Comments on the Energy-Momentum Tensor in Non-Commutative Field Theories

TL;DR

This paper examines the properties of the energy-momentum tensor in non-commutative field theories, revealing that it can be non-symmetric and non-traceless, with implications for gauge invariance and conservation laws.

Contribution

It provides a detailed analysis of the energy-momentum tensor's properties in non-commutative scalar and gauge theories, highlighting new forms and conservation features.

Findings

Energy-momentum tensor in non-commutative scalar theory is conserved but non-symmetric.

In massless scalar theories, the tensor is not necessarily traceless.
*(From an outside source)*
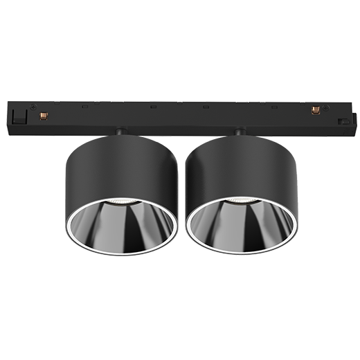 Foco doble empotrable para sistema de baja tensión de 48V; acabado negro (RAL 9005) y reflector especular; driver ON-OFF; potencia del sistema 20W; medidas Ø72mm x 60mm; instalación sin herramientas mediante mecanismo de bloqueo «click-in/out; CCT 2700K con un flujo luminoso del sistema de 1300lm; alta reproducción cromática con un índice CRI90; tras una vida útil de 50000h L80B10 min. 80% del flujo luminoso con CITIZEN LED Chips energéticamente eficientes; 5 años de garantía; característica de haz con ángulo de haz de 25°; iluminación perfectamente adecuada para leer, escribir, así como para trabajos de ordenador y control con UGR<19; grado de protección de la carcasa IP20.

In gauge theories, a gauge-invariant, conserved tensor can be constructed using Wilson functionals.

Abstract

In a non-commutative field theory, the energy-momentum tensor obtained from the Noether method needs not be symmetric; in a massless theory, it needs not be traceless either. In a non-commutative scalar field theory, the method yields a locally conserved yet non-symmetric energy-momentum tensor whose trace does not vanish for massless fields. A non-symmetric tensor also governs the response of the action to a general coordinate transformation. In non-commutative gauge theory, if translations are suitably combined with gauge transformations, the method yields a covariantly constant tensor which is symmetric but only gauge covariant. Using suitable Wilson functionals, this can be improved to yield a locally conserved and gauge invariant, albeit non-symmetric, energy-momentum tensor.